The move away from investing in early stage research has significant long-term implications, according to the authors. They point out that new knowledge often takes from 15 to 25 years to move from the discovery made in the lab to its clinical application in people. With the private sector moving more resources to late-stage research, it leaves the shrinking resources provided by the federal government and often very small companies as the primary sources of funding for early-stage, high-risk research.

Medical research has become an increasingly global endeavor, and investments by other countries, particularly in Asia, are eroding U.S. leadership. In 2004, U.S. medical research and development spending represented 57 percent of the global total. By 2014, the U.S. share had fallen to 44 percent with Asia—led by China, Japan, South Korea, India, and Singapore—rapidly making up ground and increasing investment by 9.4 percent per year. If current trends continue, the U.S. will be overtaken by China as the global leader in medical research and development in the next 10 years. China has already surpassed the U.S. in terms of the size of its science and technology workforce and global share of patents for medical technologies and is closing the gap in published biomedical research articles.

The authors point to the low levels of research funding in the field of health services as an area in particular need of remedy. Health services—which study topics such as access to care, cost, quality of care, and efforts to promote well-being—represent only 0.3 percent of U.S. research expenditures.

“The low levels of investment in health services research represent a missed opportunity to improve many aspects of health, especially the burden of chronic illness, aging populations, and the need for more effective ways to deliver care,” says Dorsey.
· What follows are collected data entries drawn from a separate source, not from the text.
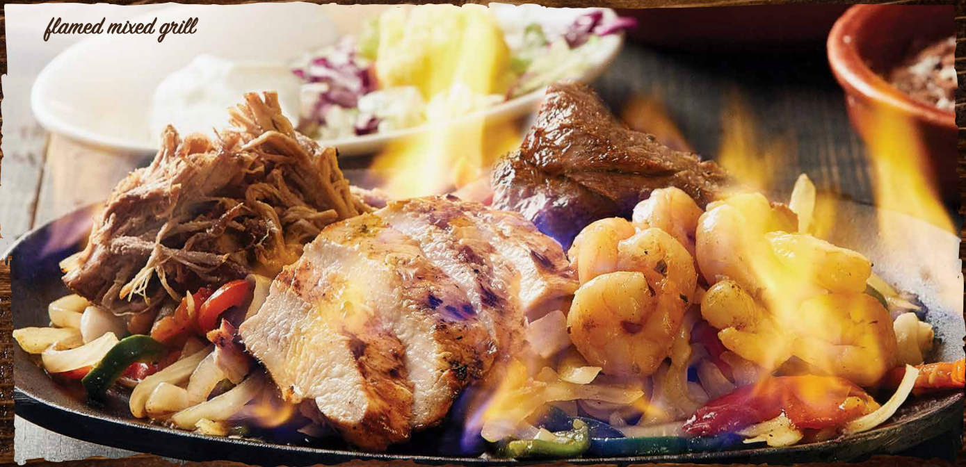
flamed mixed grill

our signature sweet corn tamalito and choice of beans a la charra, refried beans or vegetarian black beans
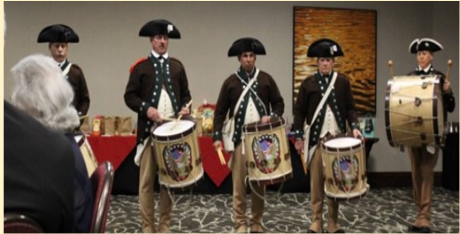
Members of the Los Angeles Fifes and Drums
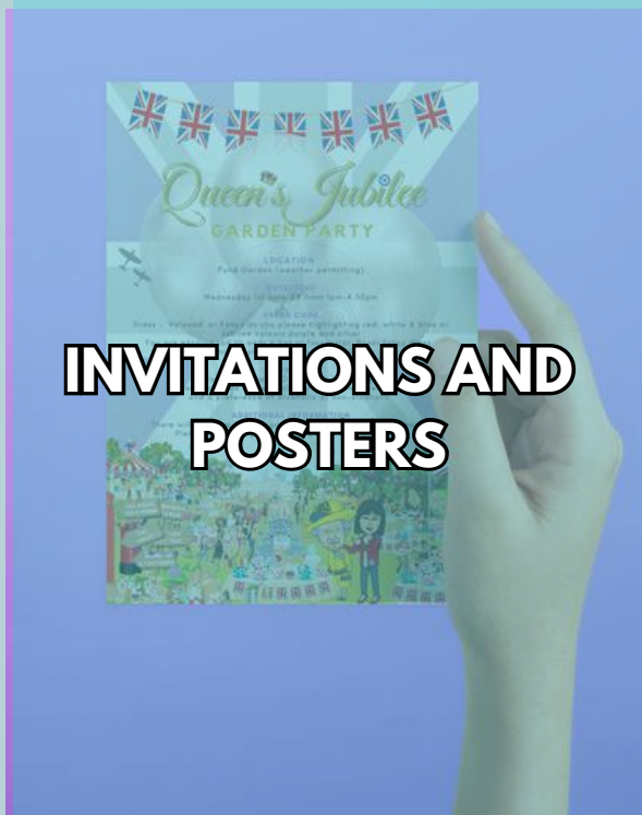
INVITATIONS AND POSTERS
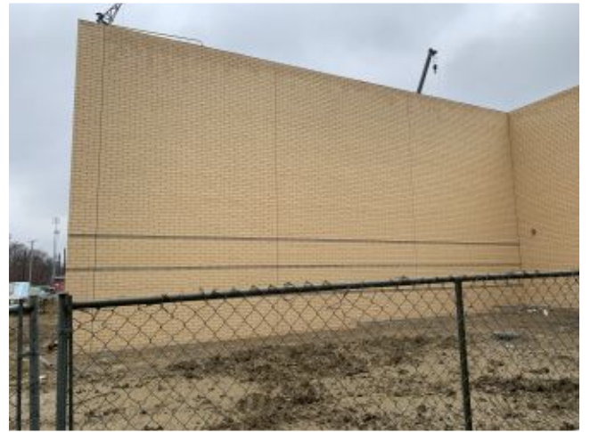
2022.11.16 – South wall of practice gym
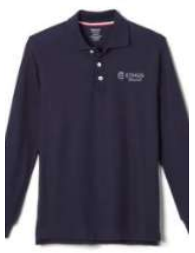
*Available June 2023
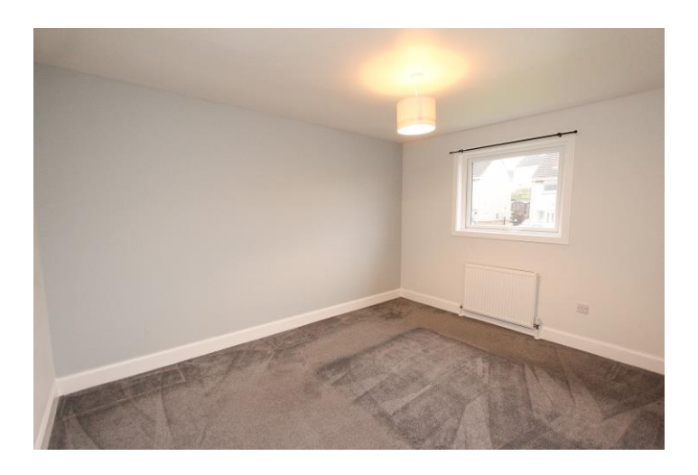
BEDROOM 3: A further bedroom to the front with CH radiator.
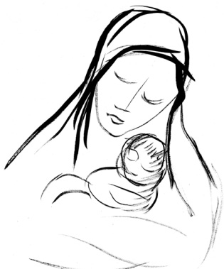
Drawing by Thomas Merton. Used with permission of the Merton Legacy Trust and the Thomas Merton Center at Bellarmino University.

Mother Seton House PO Box 673 Fryeburg, ME 04037
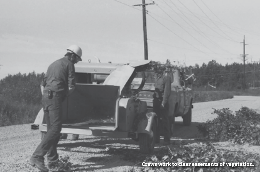
Crews work to clear easements of vegetation.
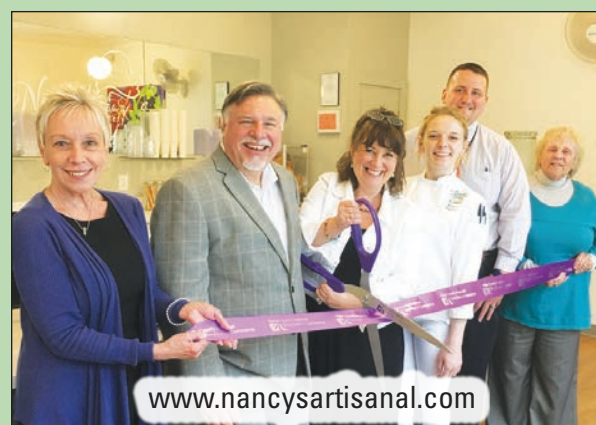
NANCY'S OF WOODSTOCK ARTISANAL CREAMERY: 105 Tinker St. Woodstock, NY
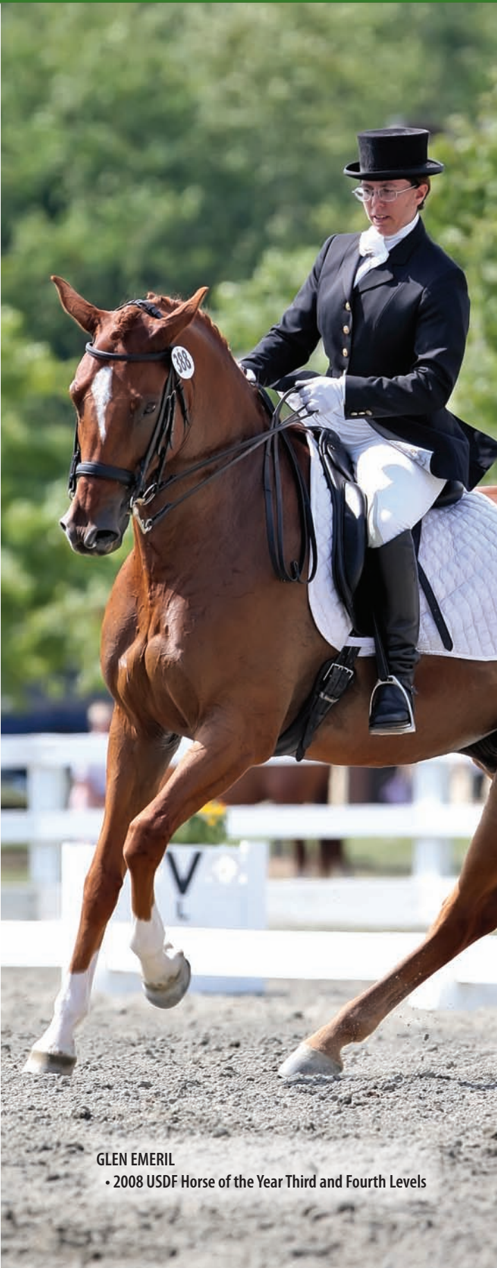
GLEN EMERIL • 2008 USDF Horse of the Year Third and Fourth Levels
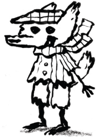
The werewolf car!
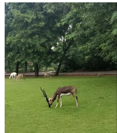
Figure 3: Wild life on Campus.
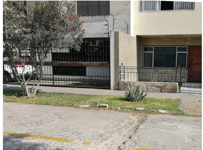
Fig. 1. Habitat of Myrmecophilus (Myrmecophilus) quadrispinus ; Peru, Lima, November 2020.

The finding of M. (M.) quadrispinus represents the first record for Peru and all South America. M. (M.) quadrispinus was previously known from the tropics and subtropics of southeast Asia and the Indian Ocean (Hsu et al. 2020). The ant crickets are difficult to find because of their cryptic mode of living in the ant nests. Therefore, we can assume that M. (M.) quadrispinus or other Myrmecophilus species can be found in other regions of Peru and South America in the future.
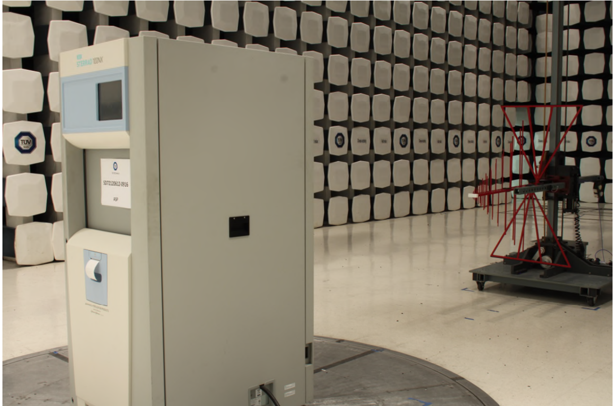
Radiated Emissions Test Setup (below 1GHz)
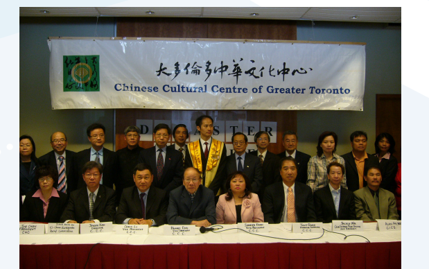
RHMBCA joined many other associations to organize fund raising events for earthquake and cyclone victims in Asia.
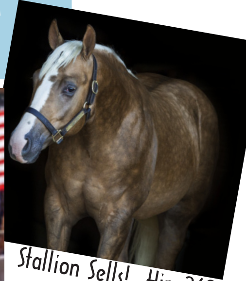
Stallion Sells! Hip 263
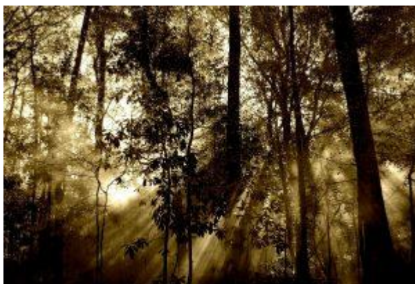
Light-flooded forest
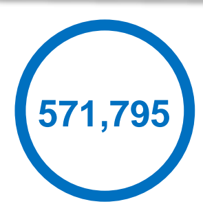
Likes on Facebook
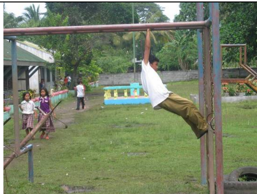
Pupils are allowed to play during break time.
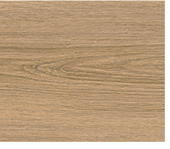
1318 Oak Nature

With a wear layer of 0.7mm it can be installed in the most demanding environments. Being looselay, means it offers an excellent solution for fast track, easy installations in busy areas. Sub-floor preparation time is often reduced and it can be easily paired with carpet tiles, to create a seamless transition. Ideal for zoning off different areas in a practical and aesthetically pleasing way.
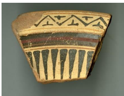
Figure 7. Fragment from rim of Milesian plate from Naukratis, late 7th–early 6th century BC. British Museum, 1888,0601.544.f

One of the main results that emerged from Petrie's fieldwork at Naukratis was an earlier date for the foundation of the site than had previously been assumed. As Petrie realized after the first season's fieldwork, Naukratis must date back to the late 7th century BC, not just to the time of Amasis, as one might be tempted to think (though would not necessarily have to conclude) from glancing at Herodotus. Even though Petrie's dating of the site was by no means immediately or universally accepted (Hirschfeld 1887; cf. see Leonard 1997, 17–19) and still remains debated (esp. James 2003, 2005; cf. also Bowden 1986, 26–8; Agut-Labordère 2012, 360 with n. 19; Lloyd 1975–88, vol. 3, 222–4), a pre-Amasis date of the foundation is today commonly accepted. Historically, it certainly makes sense if seen against the background of Psamtek (Psammetichos) I's Greek and Carian mercenaries and the military support he received from the Kingdom of Lydia, in the hinterland of the Ionian cities in the late 7th century BC (Fantalkin 2014). Most importantly, however, such a date is supported by historical dates for Archaic Greek pottery in archaeological contexts in the Levant (e.g. Stager et al. 2011; discussed in detail by Schlotzhauer 2012), which independently confirm a (late) 7th century dating for the earliest pottery finds from Naukratis (Figs 6 and 7).
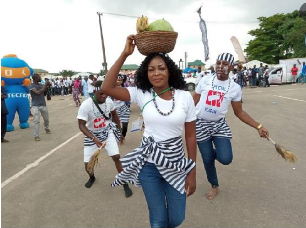
Figure 1. cultural dancers

becomes clear that a people's over- all life patterns are conditioned by the adherence to a specific order peculiar to them. These then manifests through the channels of their belief system, justice system, behavioural patterns, feelings, emotions, morality, possessions and institutions. And it further validates the claim that culture is a social inheritance that gives structure to people's lives (Orngu,2016:15).
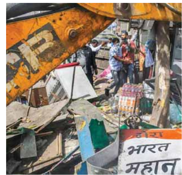
A bulldozer being used to demolish unauthorised structures in Jahangirpuri earlier this year.

of NCT of Delhi." Dealing with every report on a separate file, the LG has uniformly noted that, "The CAG reports are vital to assess the financial and administrative health of Government in a democratic set up. These Reports are the touchstone of transparency in governance. Adherence to the constitutional mandate of placing such reports on the Table of the Legislature from time to time expeditiously is an essential ingredient of a functional democracy to ensure full disclosure and to seek guidance of the Apex Legislative Body for taking course corrections where necessary."
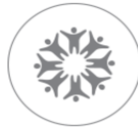
Community & Connection
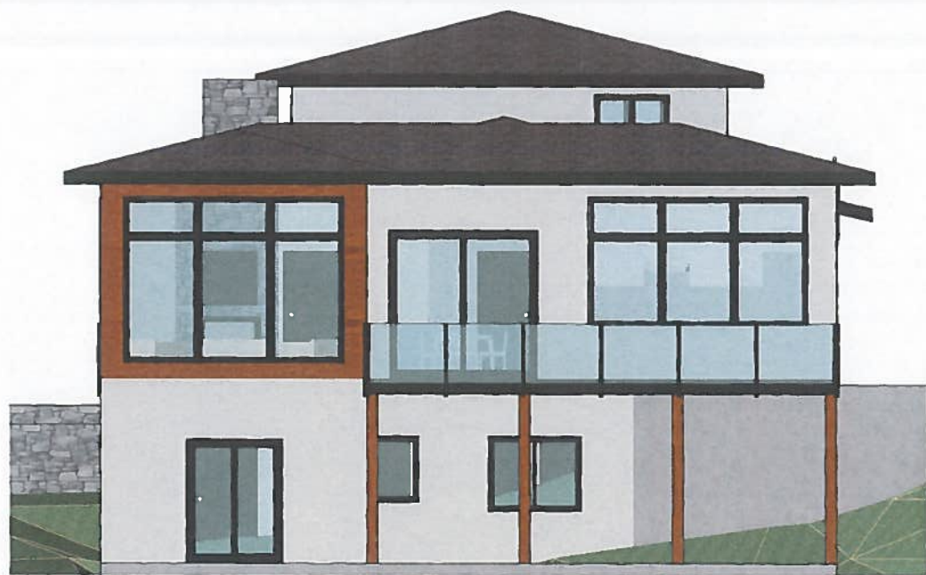
Right Elevation Scale: 1:50

The trends are reversible, the authors note. However, given the political environment in Washington and the pressures by shareholders on industry for short-term returns, new sources of revenue will need to be identified. They recommend several possible options, including providing tax incentives that will allow medical and pharmaceutical companies to reinvest profits held overseas in research in the U.S., a commitment by insurance companies and the health care sector to invest more money in health services research, and government-backed research bonds and trusts similar to those employed in the United Kingdom, Australia, and Canada.